The 26 photographs on view in “Mexotica: Mid-Century Mexican Glamour Portraits” were produced from a stash of anonymous negatives discovered by photographer and Fototeka co-founder Merrick Morton in a small antiques store in Mexico City. It must have been an exciting find.

They’re marvelous pictures: spare, stylized pinup shots taken in the late 1950s, possibly for men’s magazines like Vea and Vo-Devil. (Research by the gallery has led to no definitive conclusions regarding photographer or provenance.) Though tame by today’s standards, they are strikingly sensual, featuring an array of sturdy, graceful, full-figured women in various states of dress, all vaguely mimicking the conventions of Hollywood imagery.

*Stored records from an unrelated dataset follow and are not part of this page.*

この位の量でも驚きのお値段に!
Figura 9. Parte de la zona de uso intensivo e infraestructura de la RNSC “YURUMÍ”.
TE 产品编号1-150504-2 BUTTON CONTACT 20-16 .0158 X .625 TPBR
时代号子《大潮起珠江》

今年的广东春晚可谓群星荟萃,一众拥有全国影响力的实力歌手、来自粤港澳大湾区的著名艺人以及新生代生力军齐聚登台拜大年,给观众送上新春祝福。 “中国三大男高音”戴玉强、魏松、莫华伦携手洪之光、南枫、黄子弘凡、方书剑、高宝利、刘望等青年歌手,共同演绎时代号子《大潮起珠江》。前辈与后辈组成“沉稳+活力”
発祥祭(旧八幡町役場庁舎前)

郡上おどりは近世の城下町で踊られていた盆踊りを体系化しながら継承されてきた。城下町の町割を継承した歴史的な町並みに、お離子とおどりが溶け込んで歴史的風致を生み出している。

The pictures seem to have been produced cheaply and quickly. The settings are minimal and seem to be centrally located, as the few pieces of furniture--a draped platform, a pink chaise lounge, a fake column, several scattered vines--reappear throughout. The low-budget quality of the images, however, only underscores their glamorous aspirations and playful enjoyment (whether on the part of the photographer or the model) of modern material culture.

Produced for this exhibition as C-prints, the photographs convey an exquisite luminosity that would not likely have been realized in their originally published state. Thus the gallery setting offers a unique opportunity to appreciate their artistry.

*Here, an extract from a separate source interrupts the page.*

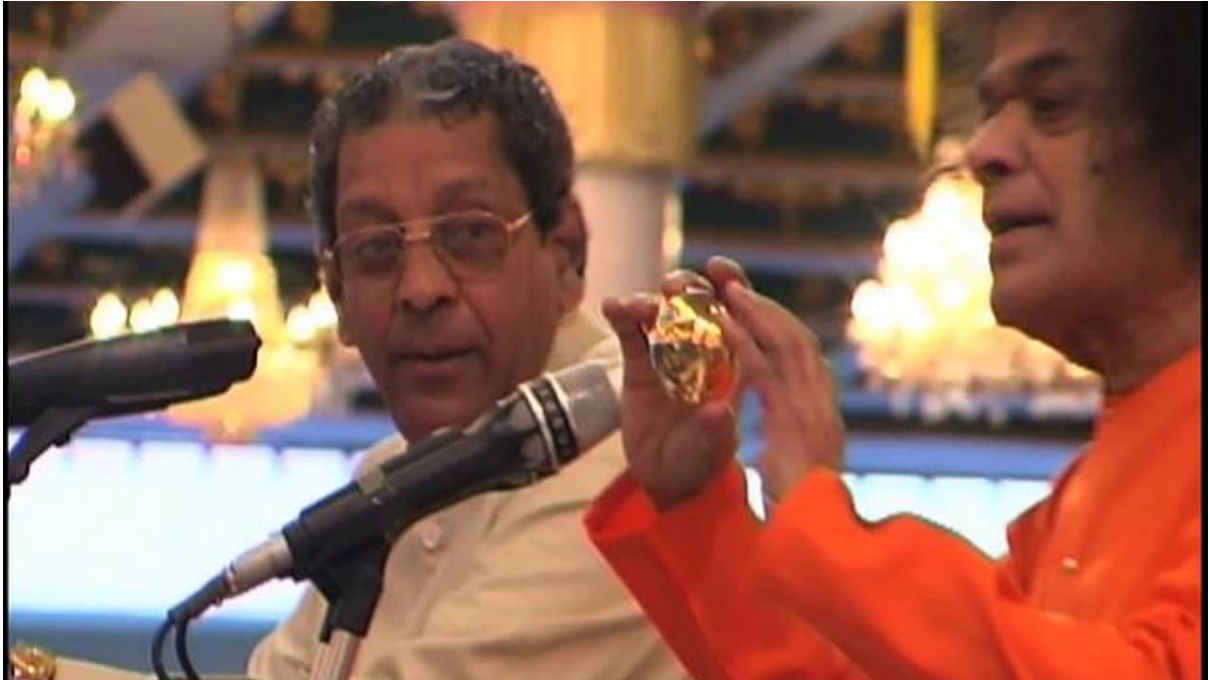
2002 Shivarathri: Hiranyagarbha Linga created by Swami

ആദ്യമായി, ഞാൻ നിങ്ങളോട് പറയട്ടെ: സ്വയലഭേദം(Gross body)- ശരീരം, ഇന്ദ്രിയങ്ങൾ(senses), ആന്തര ഇന്ദ്രിയങ്ങൾ(inner senses) ഈ ഇന്ദ്രിയങ്ങളെയെല്ലാമാണ് സ്വയലഭേദം അഥവാ gross body എന്ന് വിളിക്കുന്നത്. പിന്നെ മനസ്സുണ്ട്, അത് ആന്തരമാണ്, ആന്തര ഇന്ദ്രിയങ്ങൾ(inner senses):

It is also possible in this context to view the images not only as pinups but as portraits presenting an intriguing variety of women. Some are as openly flirty and playful as one might expect, but others are nervous or frightened; others are plainly indifferent. Some seem to be worrying about what their mother might think, while others are clearly thinking only of their paycheck.

This unintentional diversity of expression gives one an appreciation for the wide variety of reasons why these women might have found themselves posing in this particular studio. It substantiates the archive’s quirky historical value.